Con Kolivas Returns, With a Desktop-Oriented Linux Scheduler 333
myvirtualid writes "Con Kolivas has done what he swore never to do: returned to the Linux kernel and written a new — and, according to him — waaay better scheduler for the desktop environment. In fact, BFS appears to outperform existing schedulers right up until one hits a 16-CPU machine, at which point he guesses performance would degrade somewhat. According to Kolivas, BFS 'was designed to be forward looking only, make the most of lower spec machines, and not scale to massive hardware. i.e. [sic] it is a desktop orientated scheduler, with extremely low latencies for excellent interactivity by design rather than 'calculated,' with rigid fairness, nice priority distribution and extreme scalability within normal load levels.'"
Linux on the Desktop/Linux on the Server (Score:3, Insightful)
Clearly, Desktop Linux and Server Linux have some things in common, but they also have different needs. I'm not intimately familiar with any kernel programming but I do have some basic understanding of how it all works and even I find it relatively easy to understand that the needs of a good and snappy desktop and those of reliable server are going to have some differences.
I think it is beyond time that some sort of kernel operating mode optimizations are enabled like this scheduler thing for desktop even if the defaults are for server.
Re:Glory! (Score:5, Insightful)
No. They would be crazy to use this scheduler anyway since it won't scale to
their 4096 cpu machines. The only way is to rewrite it to work that way, or
to have more than one scheduler in the kernel. I don't want to do the former,
and mainline doesn't want to do the latter. Besides, apparently I'm a bad
maintainer, which makes sense since for some reason I seem to want to have
a career, a life, raise a family with kids and have hobbies, all of which
have nothing to do with linux.
Which is not to say that it might not find it's way into the Ubuntu Desktop mainline patchset, for example.

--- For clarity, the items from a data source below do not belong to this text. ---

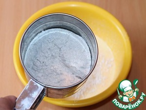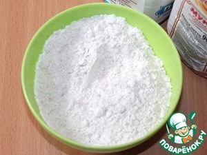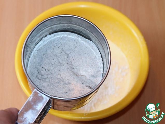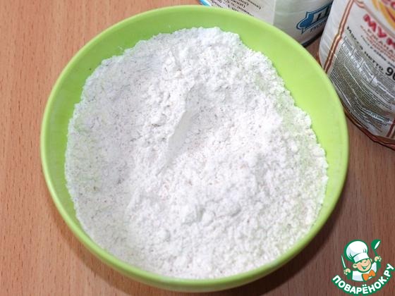 Муку пшеничную смешать с ржаной мукой, с разрыхлителем теста,
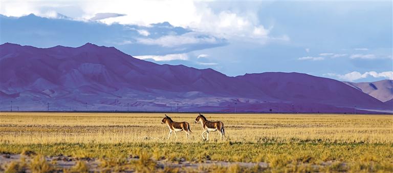 在羌塘國家級自然保護區(qū)內(nèi)行走的藏野驢。通訊員 邊巴多吉 攝
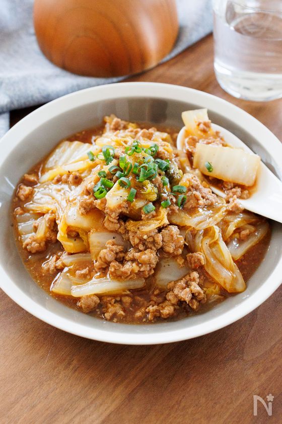 (3) ひき肉と白菜をよく混ぜ合わせ、再度蓋をして中火で5分加熱する。

Sure it might not make sense for the mainline kernel, but it surely makes sense for a user focused distro like Ubuntu - they already have patched base and server kernels, so why not a genuine desktop targeted kernel?

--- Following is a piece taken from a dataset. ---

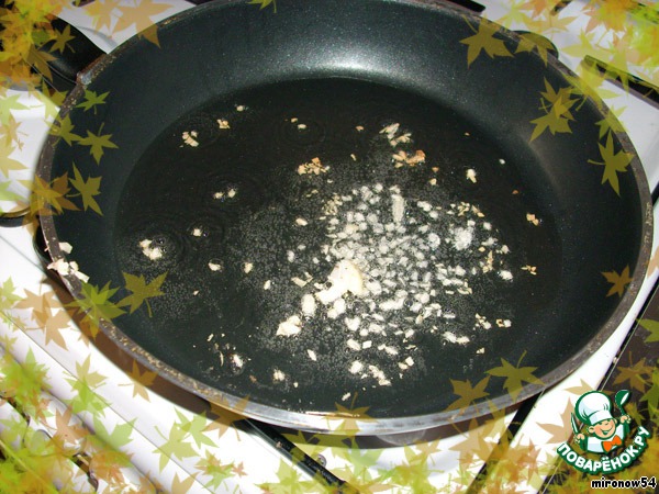 На сковороду наливаем 150 г. подсолнечного масла, несильно раскаливаем и бросаем в него мелко нашинкованный чеснок 2-3 зубчика (можно и давленый). Панировать пол минуты, помешивая, до появления яркого запаха чеснока…
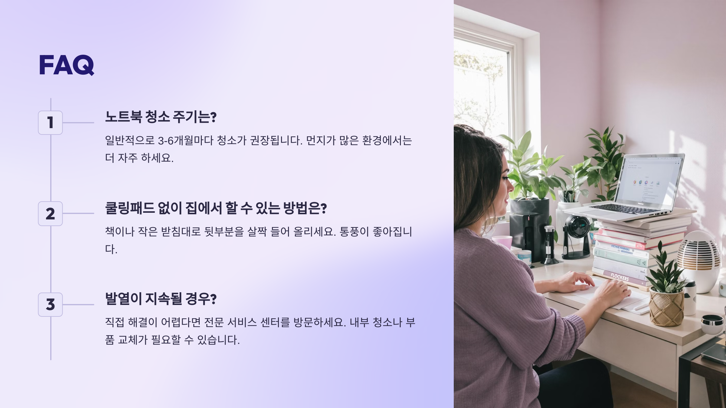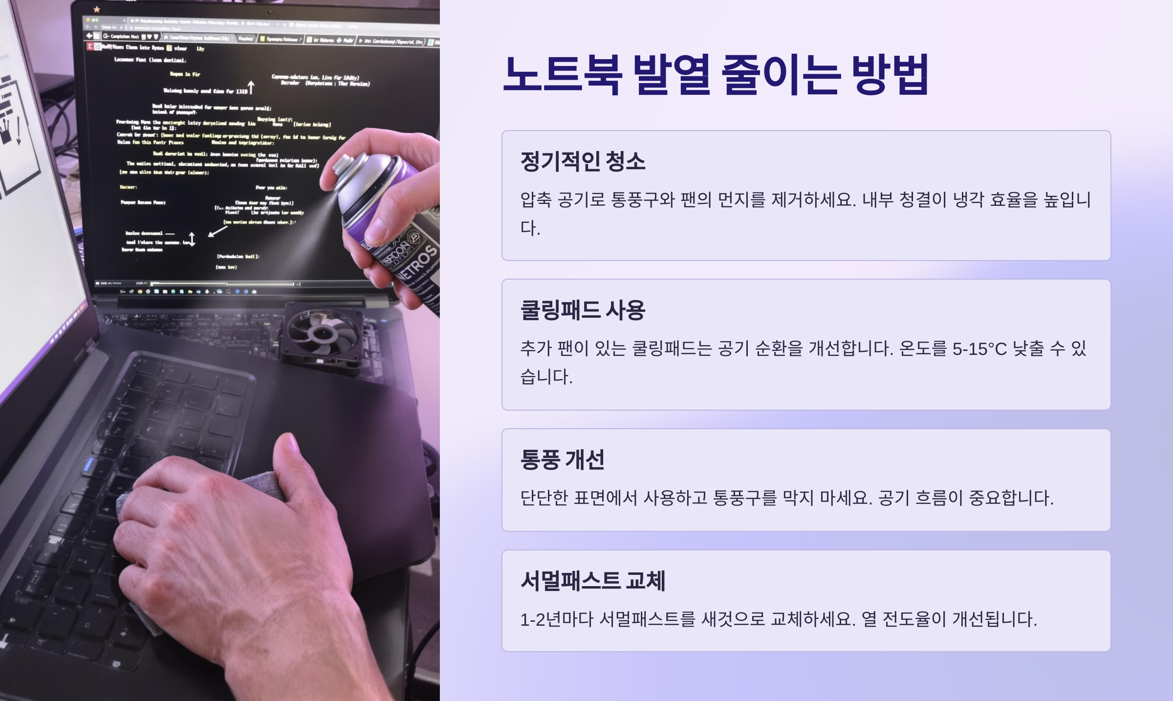 이제 발열 문제를 어떻게 해결할 수 있는지 알아볼까요? 노트북을 시원하게 유지하는 효과적인 해결법을 소개해 드릴게요. ❄️

Re:Glory! (Score:5, Insightful)
I wonder what BeOS had, that was so good. I mean, was it a scheduler thing? Or was it the pervasive multithreadedness that the OS almost forced upon the developers? Whatever it is, it worked like black magic: BeOS would always listen to the user input, no matter what the heck it was doing in the background, no matter what insane load was on the CPU - your mouseclicks were always reacted upon immediately, your drags were always reacted upon immediately, your typing, resizing, brushstrokes, midi-signals, whatever, always, under any circumstance, were immediately and smoothly followed by the correct response.
I was hoping Windows 2000 would achieve that, then I was hoping Windows XP would achieve that, then I was hoping some of the newer 2.6 kernels in Linux coupled with innovations in X would achieve that - but I was always deeply, utterly disappointed. Then I kinda hoped Vista would get somewhat close to what BeOS did. Oh yeah, now that was a hope decisively smashed.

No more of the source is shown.